Zeroserve is a zero-configuration HTTPS server built on Linux's io_uring async I/O interface, designed for high-throughput, low-latency serving with minimal setup overhead. The project has added Caddy compatibility support, broadening its integration surface for teams already running Caddy-based infrastructure.

The technical foundation is worth unpacking. io_uring, introduced in Linux 5.1 by Jens Axboe, bypasses the traditional syscall-per-operation model by submitting and completing I/O through shared ring buffers between kernel and userspace. For a high-connection-count HTTPS server, this matters: fewer syscall boundary crossings translate directly into lower per-request overhead and better CPU cache utilization under load. Zeroserve is built specifically to exploit that path, rather than layering io_uring onto an architecture designed for epoll or blocking I/O.

The zero-config angle is the other half of the pitch. Provisioning TLS has historically been one of the sharper friction points in standing up an HTTPS endpoint — certificate acquisition, renewal automation, ALPN negotiation. Zeroserve collapses that into something closer to a single invocation. For development environments, internal tooling, or edge deployments where operational simplicity is a hard constraint, that matters more than feature breadth.

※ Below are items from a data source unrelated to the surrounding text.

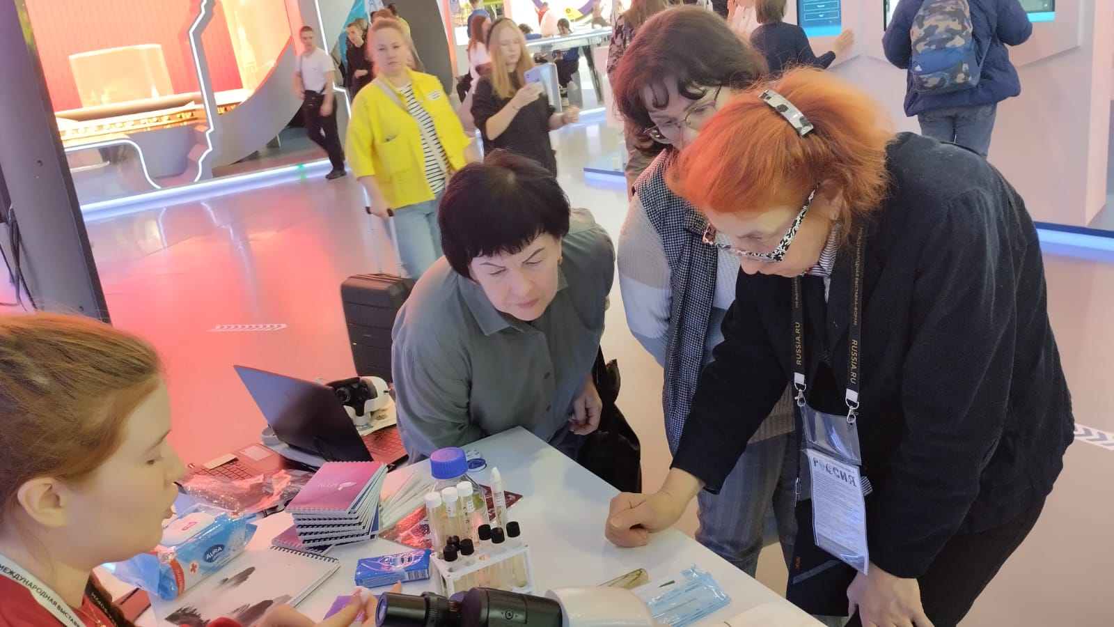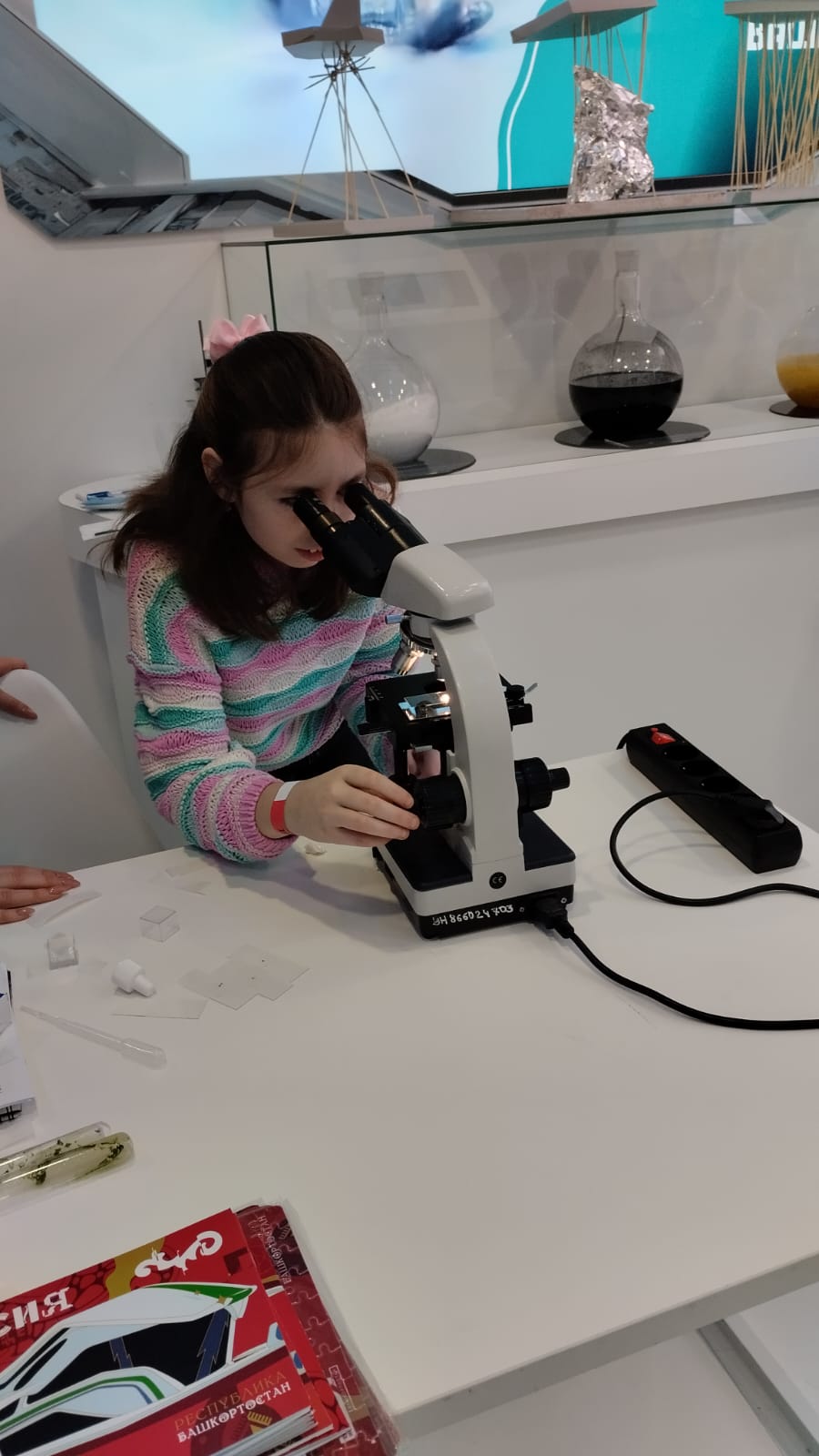 Наш университет представила студентка Естественно-географического факультета Муфазалова Альфия, и   преподаватель кафедры экологии, географии и природопользование Шугаипова Линара Равильевна. Альфия провела мастер класс "Водоросли цианобактерии для освоения космоса" и помогла гостям выставки самим приготовить образец привезенных водорослей и рассмотреть под микроскопом.  Активный интерес к данной теме проявили не только дети школьного возраста, но и взрослые гости ВДНХ.
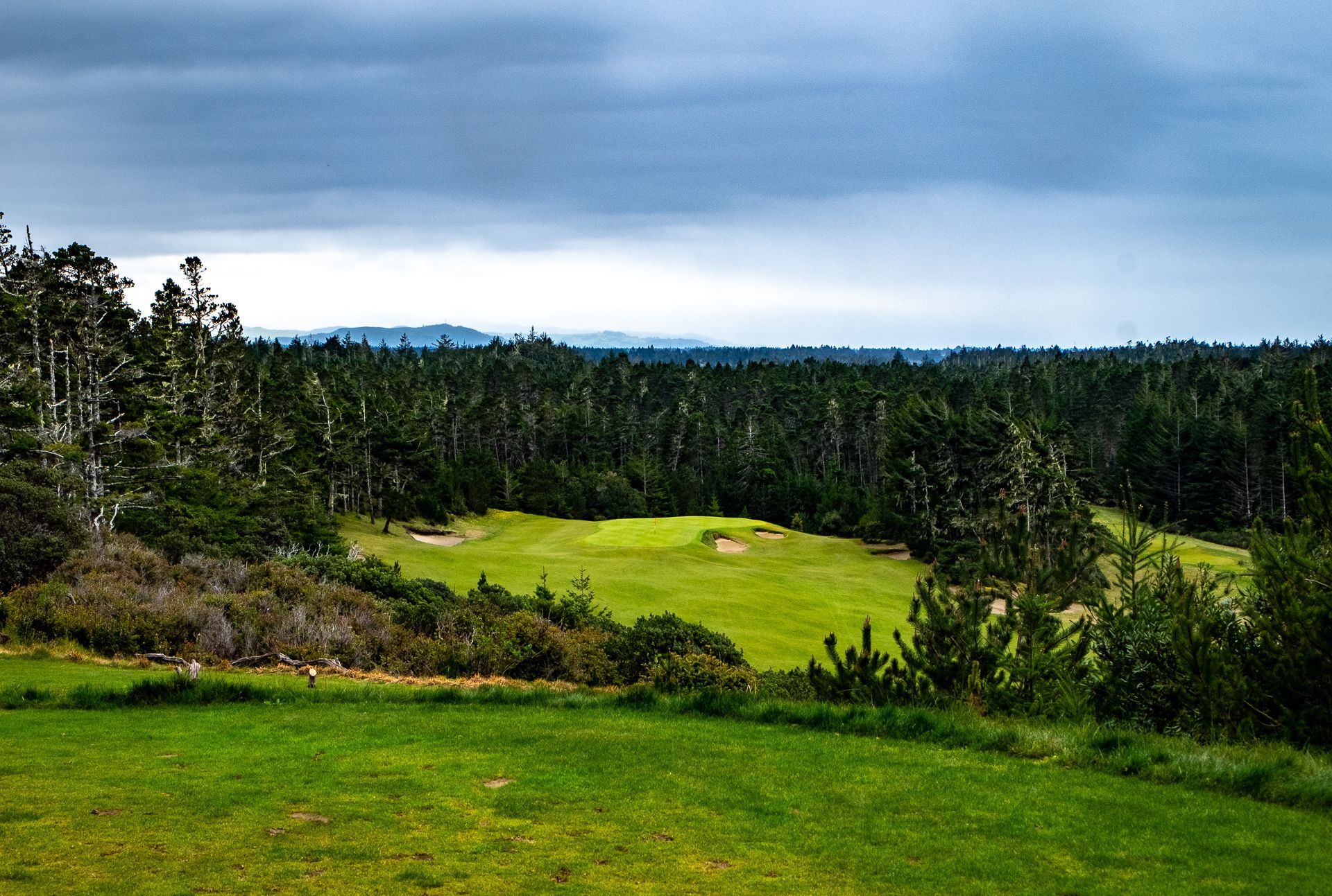 too perfect? We again lucked out playing Pacific on this day - not only was this the warmest, sunniest weather we got all week, it was also the calmest winds we faced. That doesn’t mean the golf gods were letting us of easy, though. This was Oregon in March after all, and one of the most vivid memories I have is looking out from the fairway to the ocean and seeing a perfectly straight line separating an approaching wall of dark grey cloud. The sky was split completely in two: one half, out over the ocean, was grey and dark and ominous, and the other, the part that was still over our heads, was blue and cloudless. The grey wall would soon hit us with a vengeance, and we’d have to throw on three layers for 15 minutes until we saw those lines reverse, with the blue sky replacing the grey out at sea.
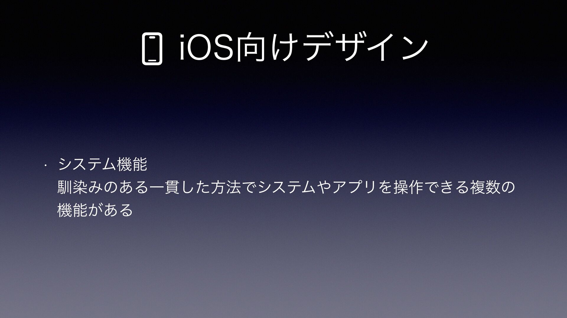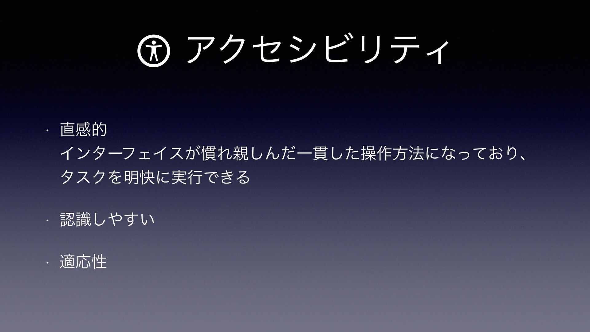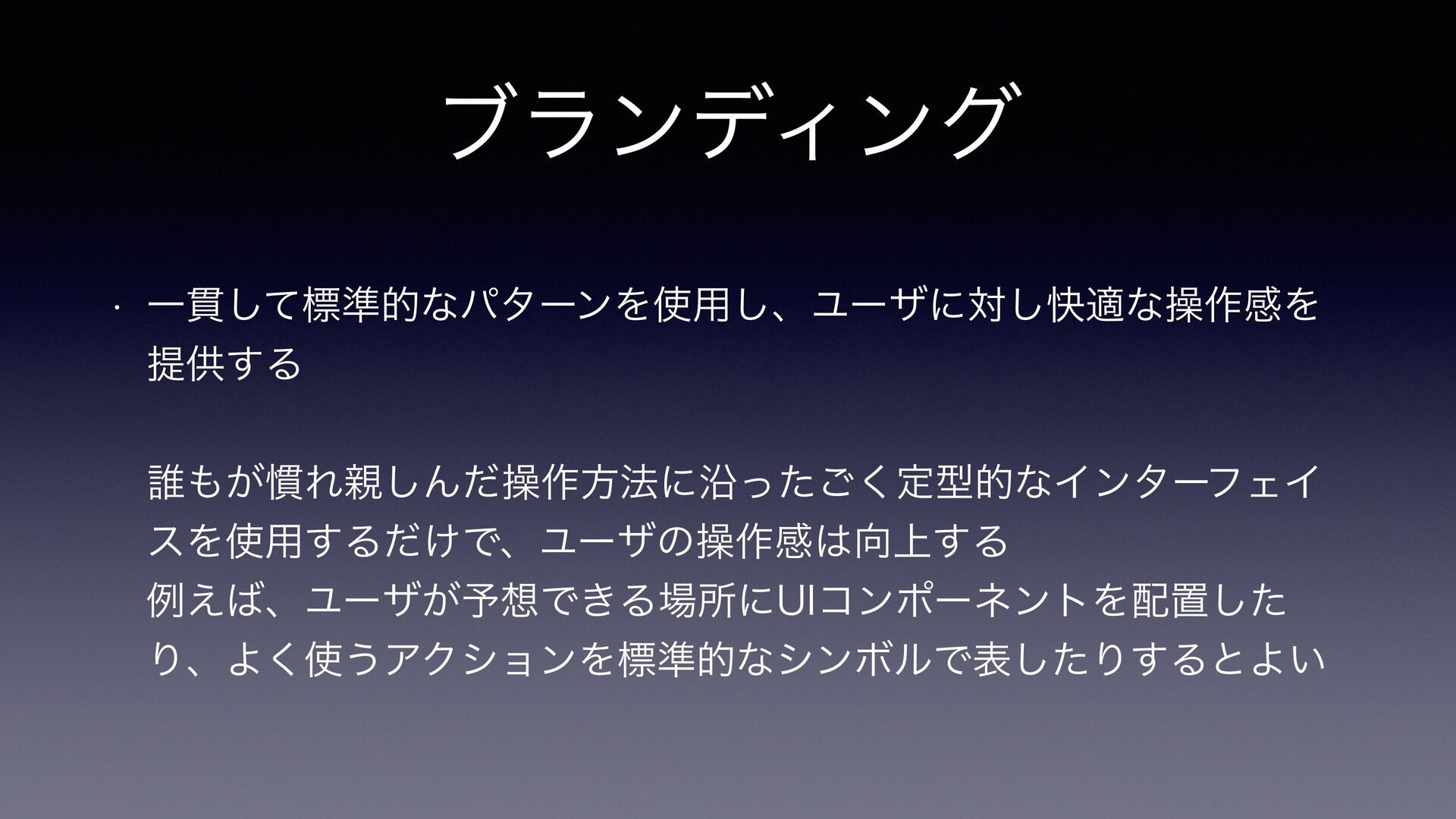 ΞΫηγϏϦςΟೝ w ΞΫγϣϯγϯϓϧͰײతͳͷʹ͢Δ ͍֮͑͢Ұ؏ͨ͠ૢ࡞ํ๏ͰΠϯλʔϑΣΠεΛҠಈͰ͖ΔΑ͏ ʹ͢Δ ֶश֮ͯ͑͠ͳ͚ΕͳΒͳ͍ΧελϜͷδΣενϟΛ࡞͢ΔΑ Γɺ͢ͰʹϢʔβ͕׳Ε͠ΜͰ͍ΔγεςϜͷδΣενϟಈ ࡞Λ༏ઌ͢Δ
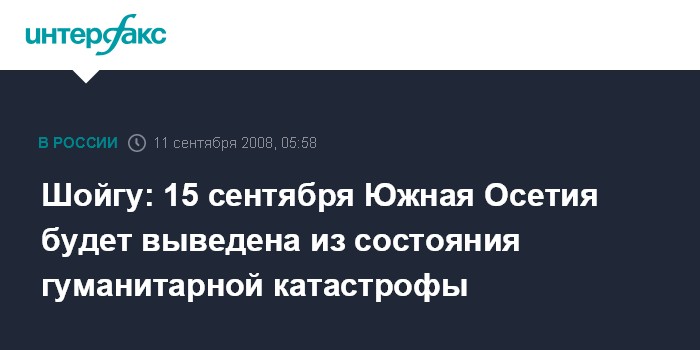 "В нашу задачу входит наладить элементарные условия жизни в республике, восстановить первоочередное жизнеобеспечение региона. Ликвидировать угрозу жизни и здоровью человека. Это я вам говорю как глава МЧС. Чтобы было тепло, чтобы можно было пойти купить еду в магазине, было где полечиться и т.д. Вот эту задачу мы выполним. 15 сентября полностью выведем Южную Осетию из состояния гуманитарной катастрофы", - сказал министр в интервью "Российской газете", публикуемом в четверг.
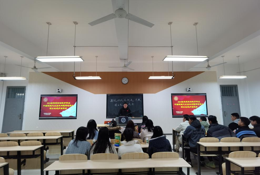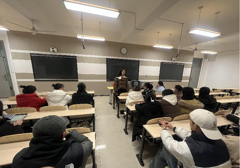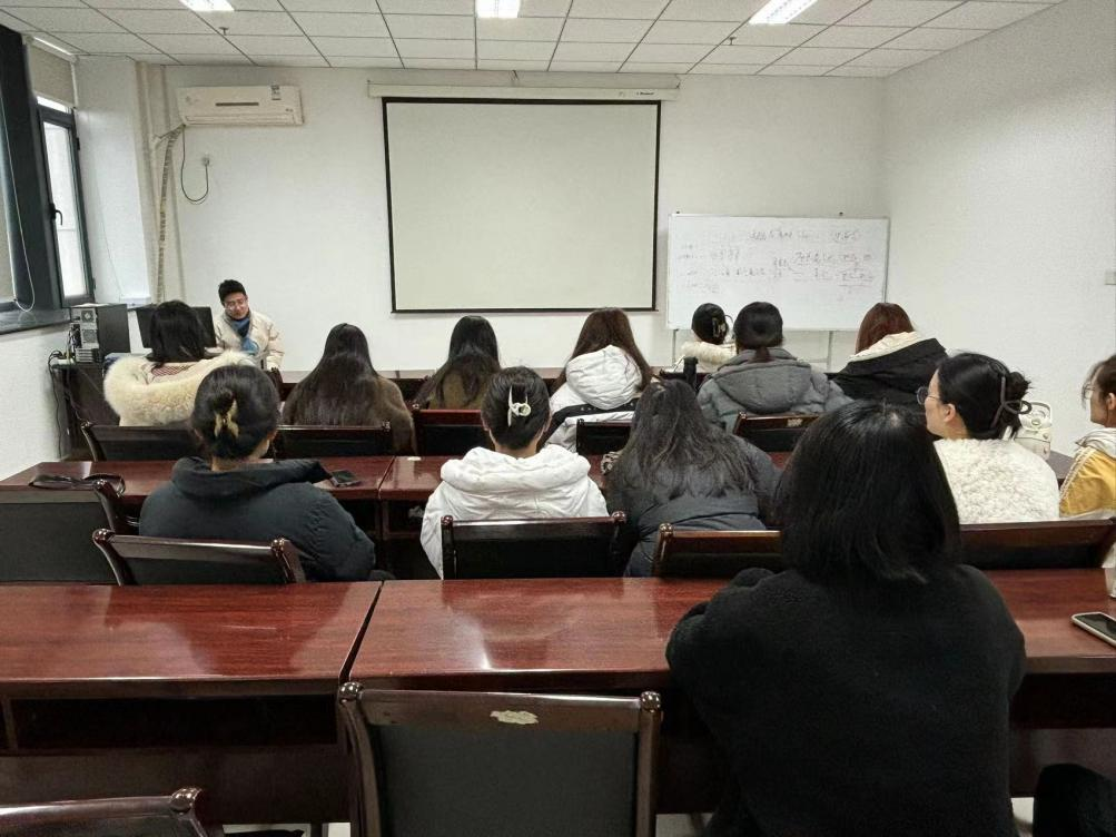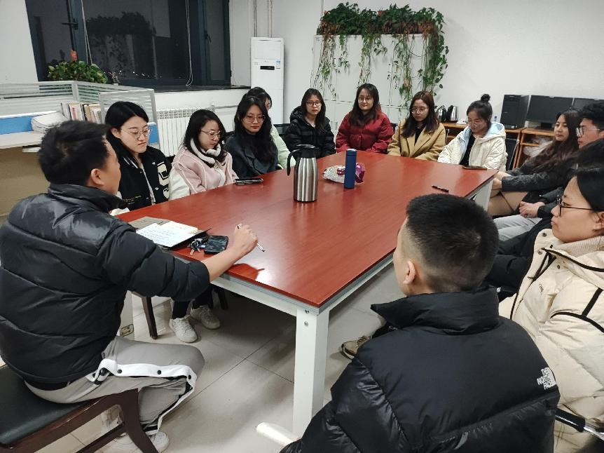 郭莹老师询问了班级同学们近期的毕业论文以及就业情况。对于思想负担较重的个别同学,她及时进行疏解并提到,在研三的最后一个学期,同学们要以积极乐观的心态客观看待问题,按部就班把握自己的学习和生活节奏,加强自律意识,对自己的学习生活要有明确的规划,找准发展目标和定位并从自身实力出发去择业。
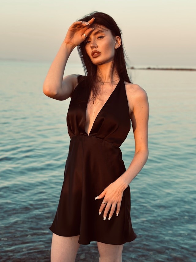 La robe noire d’été n’est pas celle qu’on porte en hiver. Elle est plus aérienne, plus courte ou fendue, souvent sans manches ou dos-nu, et elle laisse respirer la peau.
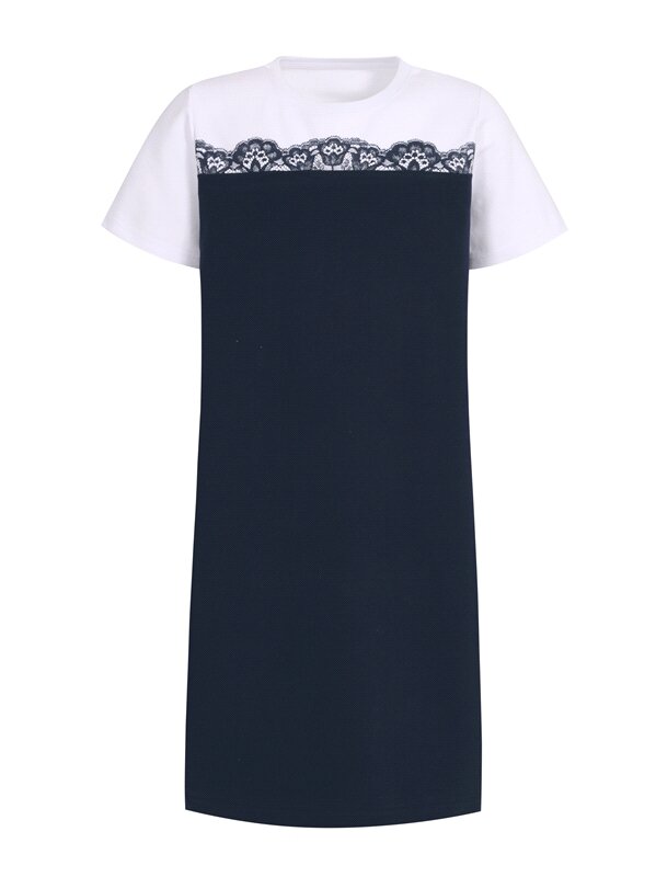 Платье для девочки школьное трикотажное рисунок кружево Апрель 1ДПК1401258/989/2130/*/2049/*/*/*/2 синий,белый 62-122 информация:
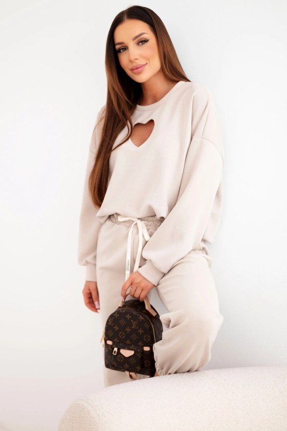 Beżowy komplet damski masełko z wycięciem w kształcie serca – luksusowy komfort
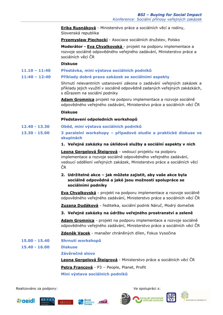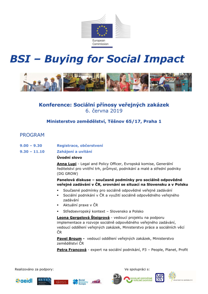 Za účelem podpory využívání sociálních hledisek při zadávání veřejných zakázek zahájila Výkonná agentura pro malé a střední podniky (EASME) a Generální ředitelství Evropské komise pro vnitřní trh, průmysl, podnikání a malé a střední podniky (GŘ GROW) iniciativu s cílem posílit znalosti v dané oblasti v 15 zemích EU a svěřila její provádění pěti evropským organizacím, které jsou aktivní v podpoře místního rozvoje a sociální ekonomiky. Konference v České republice je organizována ve spolupráci s Ministerstvem práce a sociálních věcí a s Ministerstvem zemědělství.
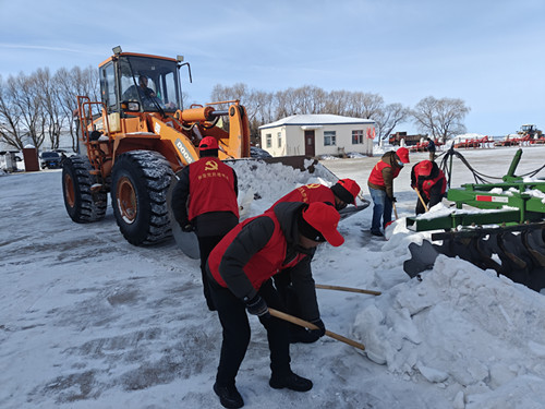 随着气温的回升,积雪开始融化,将给农具检修、种肥和其他物资准备造成严重的影响。农场有限公司各管理区关工小组迅速响应,组织党员、“五老”志愿者和部分职工,调配铲车、四轮车等机械设备,对农具场、晒场等积雪进行集中清理。“五老”们和职工一起手持铁锹、扫帚等工具,仔细清理机械难以触及的边角区域以及农机具上的积雪,确保清雪工作无死角。党员干部们更是以身作则,冲锋在前,带领大家齐心协力,克服了作业面积大、积雪清理难度高等困难,大大加快了清雪进度。

The Caddy compatibility addition is a meaningful signal about where the project is positioning itself. Caddy has accumulated real adoption as a production reverse proxy and automatic-TLS server, particularly in containerized and self-hosted deployments. Interoperability with Caddy's configuration conventions — likely targeting Caddy's JSON or Caddyfile-compatible surface — means Zeroserve can slot into existing Caddy-anchored stacks without requiring teams to rearchitect around it. That lowers the evaluation cost considerably.

Looking at what this combination implies for a systems engineer: a backend that wants io_uring's throughput characteristics but lives behind an existing Caddy ingress can now integrate Zeroserve without abandoning the outer configuration layer their team already operates. The two tools are solving different layers of the same problem — Caddy excels at TLS termination, routing, and automatic certificate management; Zeroserve's value is in raw I/O efficiency at the serving layer.

The broader context here is a quiet but consistent shift in the Rust and low-level systems ecosystem toward io_uring-native tooling. Projects like Tokio's tokio-uring crate, Glommio, and monoio have each staked out positions in this space. Zeroserve is pursuing the narrower, more opinionated end of that spectrum — it is not a general async runtime but a focused HTTPS server that treats io_uring as the default, not an option. That specificity is a deliberate tradeoff: less flexibility, less surface area to configure, fewer things to misconfigure.

In this author's view, the Caddy compatibility move is the more strategically interesting of the two facts here. A zero-config io_uring server is a compelling benchmark artifact; one that interoperates cleanly with a widely deployed production tool is something an engineering team can actually evaluate against a real deployment target. The former wins conference talks. The latter wins adoption.

Zeroserve is an open-source project hosted on GitHub under the handle losfair. It is early-stage enough that production readiness warrants independent verification — kernel version constraints (io_uring support is a Linux-only story, and some cloud environments restrict io_uring via seccomp), error handling surface, and connection lifecycle behavior under adversarial load are all things a team should probe before committing. But for engineers building or benchmarking high-performance Rust-based HTTPS infrastructure on Linux, it is a project worth pulling and running.